I have tried following solutions:
1. added "set CUDA_VISIBLE_DEVICES=1" to gui.bat file of kohya_ss
2. added the parameters(hardcoded): "aceelerate launch --num_processes=[NUM_YOUR_GPUS_PER_MACHINE] --num_machines=[NUM_YOUR_INDEPENDENT_MACHINES] --multi_gpus --gpu_ids=[GPU_IDS] args..." in the run_cmd of dreambooth_gui.py
3. Changed the config files where I set num_processes = 2
Still somehow when I restart the training, only 1 gpu is being utilized. How can I solve this to use multiple gpu for training?
p.s. docker image I am using: ashleykza/stable-diffusion-webui:3.12.0
2 Replies
RunPod is using Linux not Windows, you have to edit .sh files NOT .bat files.
For everything else, I suggest logging a Github issue in the Kohya_ss repo:
https://github.com/bmaltais/kohya_ss
GitHub
GitHub - bmaltais/kohya_ss
Contribute to bmaltais/kohya_ss development by creating an account on GitHub.

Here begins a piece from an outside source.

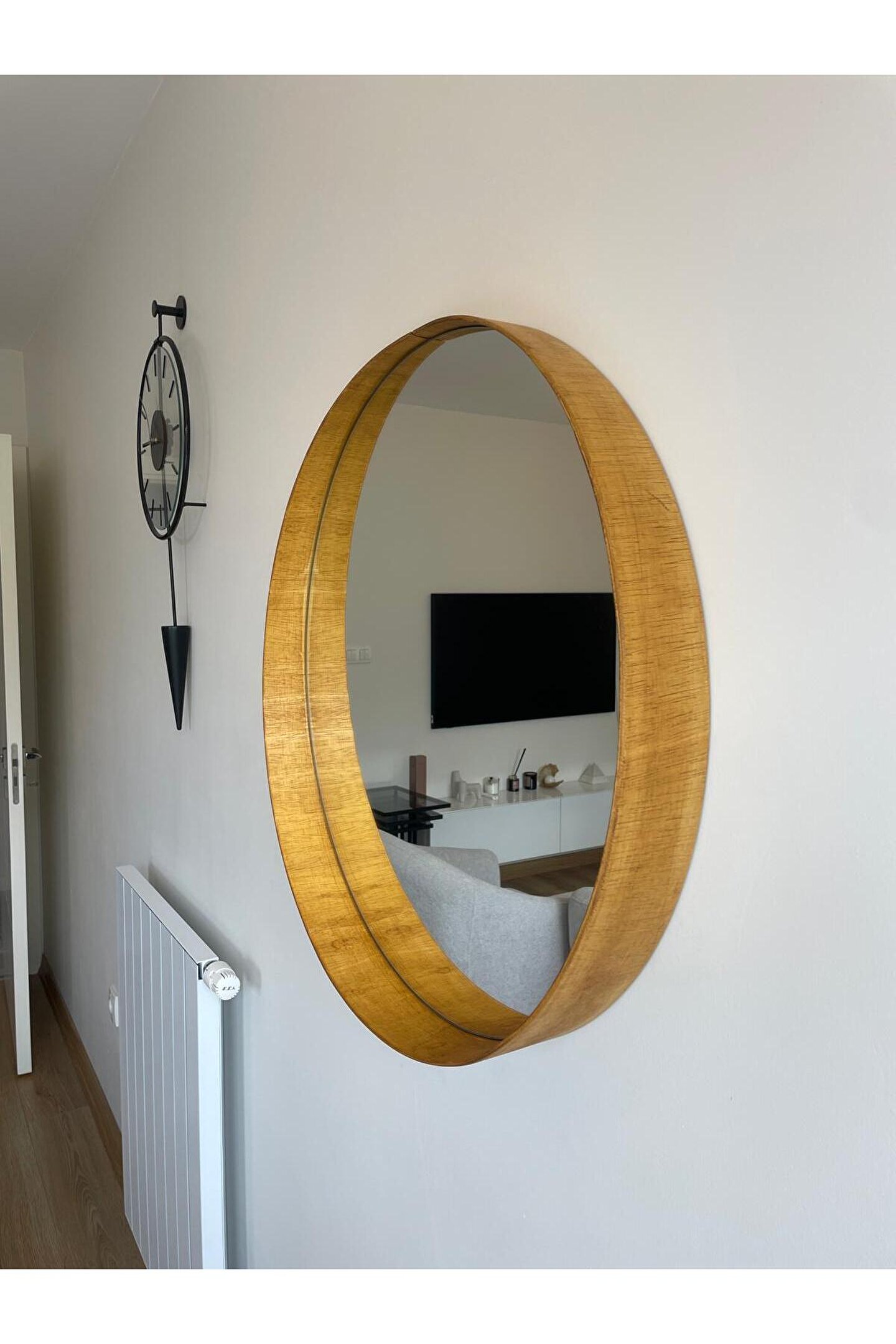 Narkissos Dizayn 80 cm Meşe Ahşap Çerçeveli Dekoratif Kavis Ayna

Can I know where is the nccl.conf file located in runpod?
I want to edit some environment variables and found this in Nvidia docs:
"NCCL has an extensive set of environment variables to tune for specific usage.
They can also be set statically in /etc/nccl.conf (for an administrator to set system-wide values) or in ~/.nccl.conf (for users). "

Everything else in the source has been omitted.